Fondé en 1973 et basé à Atlanta aux Etats-Unis, Interface est le leader mondial de la dalle de moquettes BtoB disposant de cinq sites de production dans le monde... jusque là, rien de très séduisant.

Et pourtant, nous avons sans doute visité ce jour-là l’une des entreprises industrielles les plus inspirantes au monde en matière de transition écologique :

  • En près de 25 ans, Interface a réduit les émissions de gaz à effet de serre de ses usines de 96% ;
  • Le site de Scherpenzeel ne consomme quasiment plus d'eau (celle utilisée circule en circuit fermé) et ne produit plus aucun déchet (100% des déchets de production sont réutilisés) ;
  • De nombreuses innovations ont permis de substituer progressivement des dérivés du pétrole par des matières plastiques recyclées issues par exemple de pare-brises ou de filets de pêches récupérés dans les océans. 

Alors comment une entreprise industrielle d’environ 3500 salariés est parvenue à se transformer aussi radicalement ? 

En écoutant leur histoire et en la mettant en perspective d’autres récits de transition comme celui de Loos-en-Gohelle - ancienne ville minière du Pas-de-Calais devenue pionnière du développement durable que nous avons visitée à plusieurs reprises - nous retrouvons six leviers nécessaires à la transition résumés par l’acronyme D-E-C-L-I-C. 
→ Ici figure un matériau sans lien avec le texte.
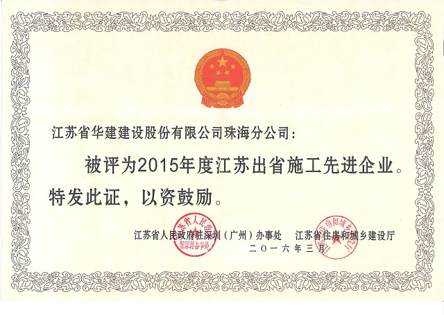 3月24日,江蘇省人民政府駐深圳(廣州)辦事處和江蘇省住房和城鄉建設廳在廣西南寧召開2016年度江蘇建筑業南方區工作會議,珠海公司被表彰為“2015年度江蘇出省施工先進企業”,公司副總經理、總會計師馮喜平榮獲“江蘇出省施工優秀企業經理”稱號,公司副總經理、總工程師周學軍榮獲“江蘇省出省施工優秀建造師”稱號;徐平、陳榮被評為“江蘇省進粵、桂、閩、瓊施工質量安全先進個人”;趙永濤被評為“江蘇省進粵、桂、閩、瓊施工經營財務先進個人”。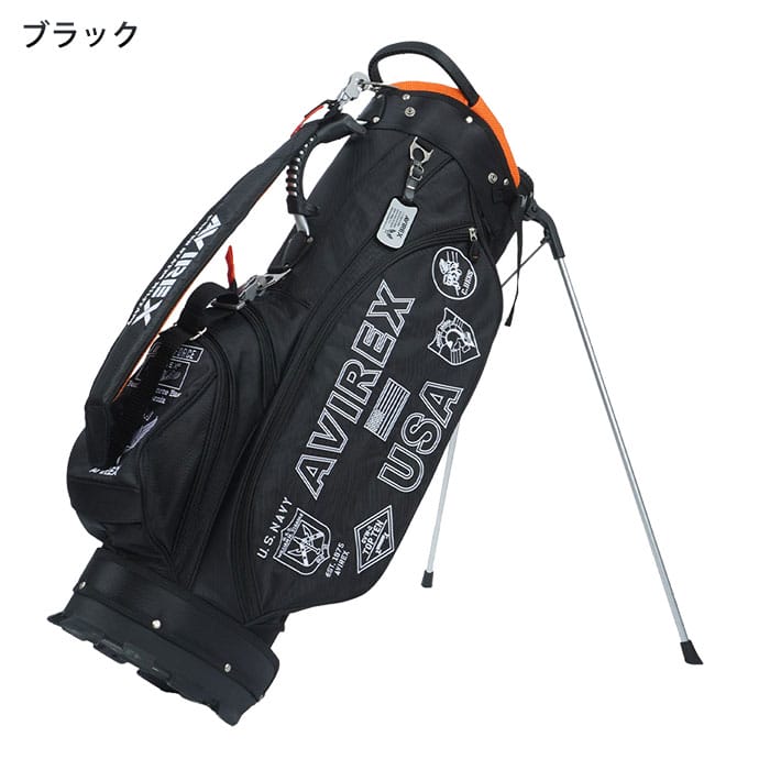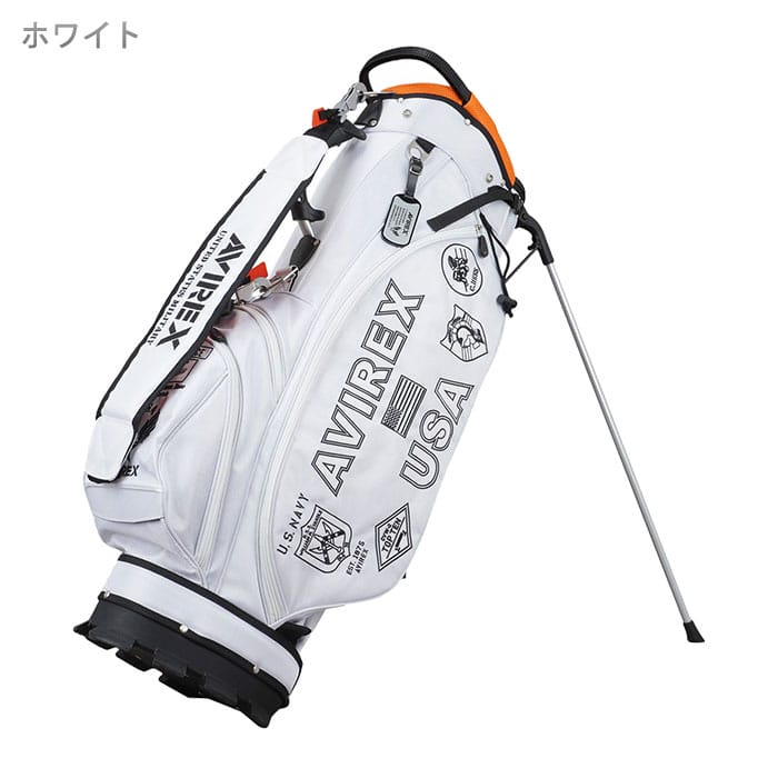 型番 AVXBB1-27C サイズ 9型 口枠 本体:5分割 セルフスタンド:3分割 重量 約3.3kg 素材 ポリウレタン、合成皮革 原産国 中国セルフスタンドケース付き キャディバッグ アビレックスブランドの定番ロゴやモチーフを配したスタンドキャディバッグです。

Ces six leviers n’ont rien d’une recette magique et la manière de les activer est spécifique à chaque organisation ; ils sont donc à appréhender comme une série de questions à se poser pour mettre en place une transition écologique dans son organisation ou sur son territoire.

D - Déclencheur. 

Au démarrage, il y toujours un déclencheur qui crée un sens de l’urgence

A Loos-en-Gohelle, il s’agit de la fermeture des mines en 1986 et de la fin du système de houillères qui génère une crise systémique locale et nécessite d’imaginer une nouvelle trajectoire.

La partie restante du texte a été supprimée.